Personal information
- Full name: Mariel Lancy Galdiano
- Born: June 25, 1998 (age 27) Honolulu, Hawaii, U.S.
- Sporting nationality: United States

Career
- College: UCLA
- Turned professional: 2020
- Current tour: LPGA Tour
- Former tour: Epson Tour

Best results in LPGA major championships
- Chevron Championship: DNP
- Women's PGA C'ship: CUT: 2025
- U.S. Women's Open: T42: 2015
- Women's British Open: DNP
- Evian Championship: DNP

Medal record
Summer Universiade
| Gold medal – first place | 2017 Taipei | Individual |
| Gold medal – first place | 2017 Taipei | Women's team |

= Mariel Galdiano =

American professional golfer (born 1998)

Mariel Lancy Galdiano (born June 25, 1998) is an American professional golfer.

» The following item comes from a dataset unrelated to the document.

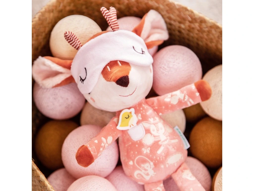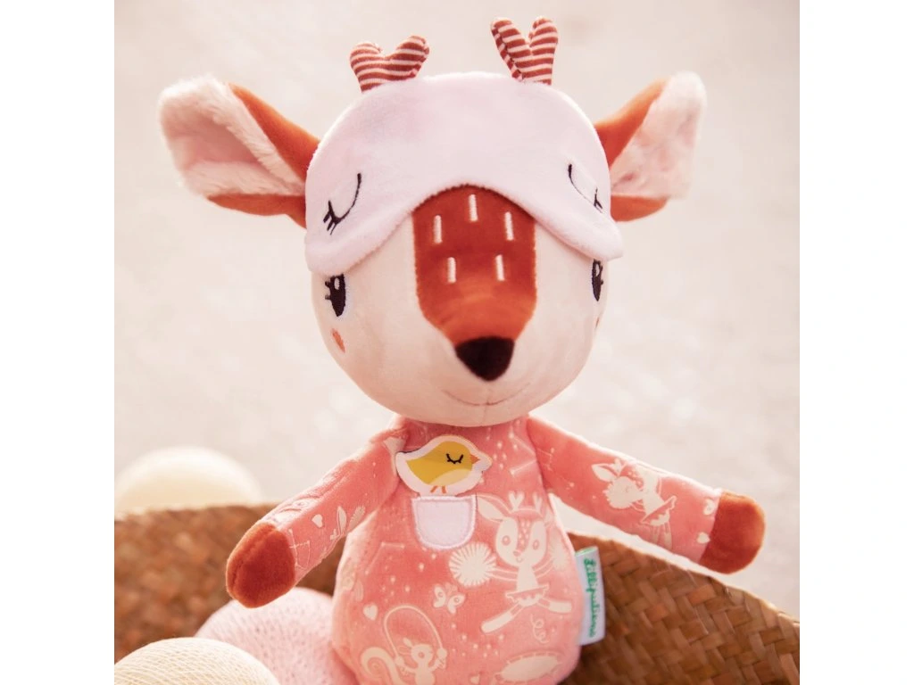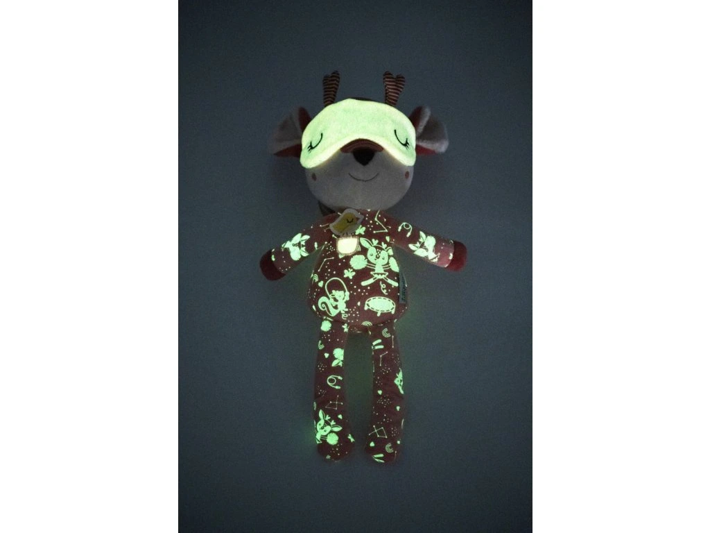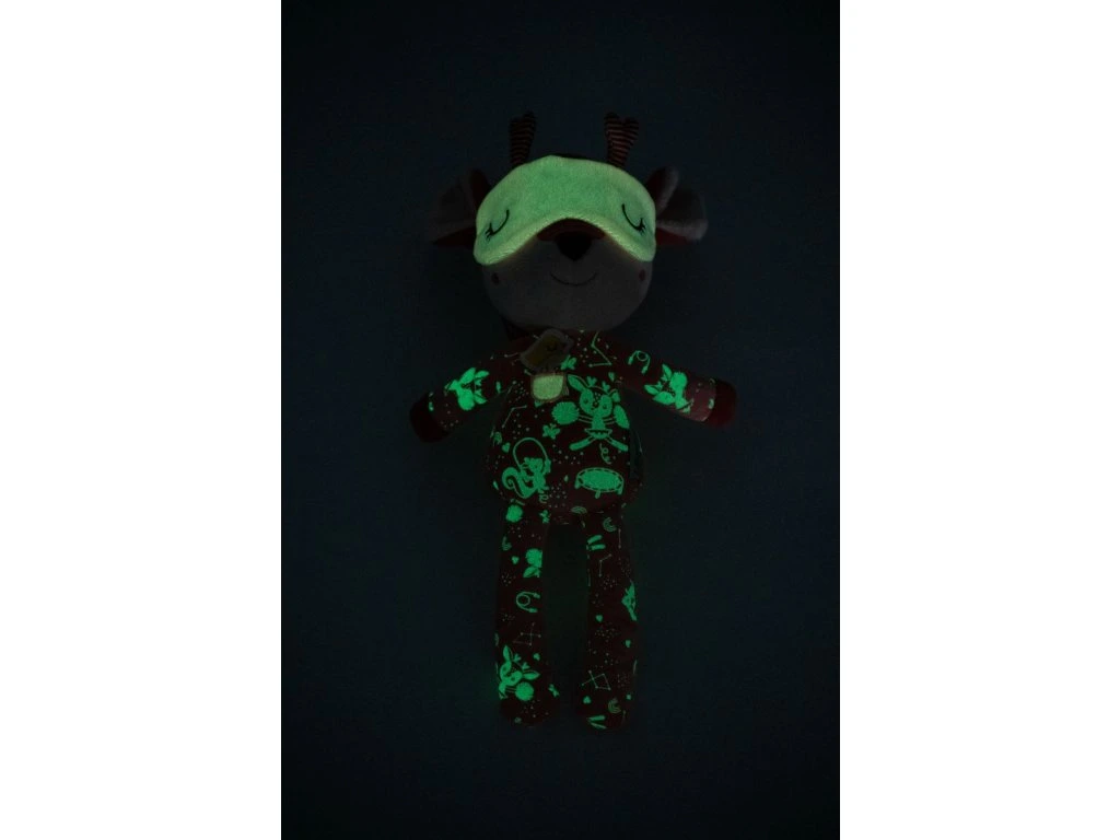 Heboučká parťačka na usínání se špetkou kouzel. Stella – jelínek má pyžámko a spací masku se svíticím (fosforeskujícím) potiskem: stačí je před spaním krátce nasvítit, a ve tmě pak jemně září a děti uklidní. Hračka je pratelná na 30 °C (jemný cyklus), takže večerní rituál zvládnete každý den bez starostí. Doporučeno zhruba od 6 měsíců.
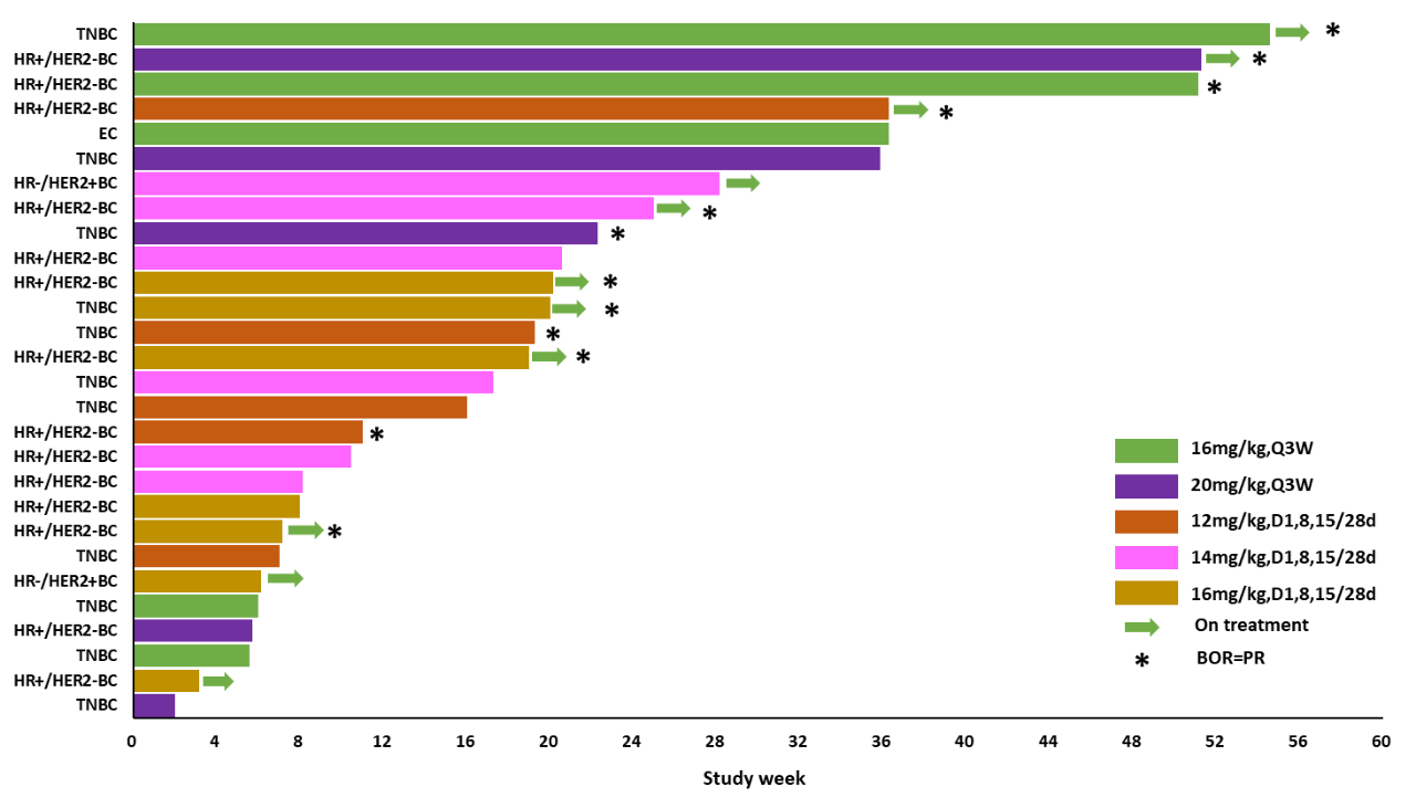 在33例療效可評(píng)估的受試者中,12例受試者達(dá)到PR,客觀緩解率(ORR)為36.4%,9例受試者達(dá)到SD(其中4例受試者達(dá)到持續(xù)≥24周的SD),DCR為63.6%。此外,最高劑量組的ORR為66.7%,DCR為83.3%;有效劑量TNBC患者的 ORR為36.3%,DCR為63.6%;有效劑量HR+/HER2-BC患者的 ORR為61.5%,DCR為76.9%。

At age 13 she was the youngest golfer at the 2011 U.S. Women's Open.

Galdiano made the cut at the 2015 U.S. Women's Open. She won her sectional qualifier to earn entry into the tournament.

Galdiano is a three-time Hawaii High School Athletic Association champion.

Galdiano won the 2015 Canadian Women's Amateur.

At the 2017 Summer Universiade (World University Games), Galdiano won the gold medal in the individual event and led the United States to the team gold medal.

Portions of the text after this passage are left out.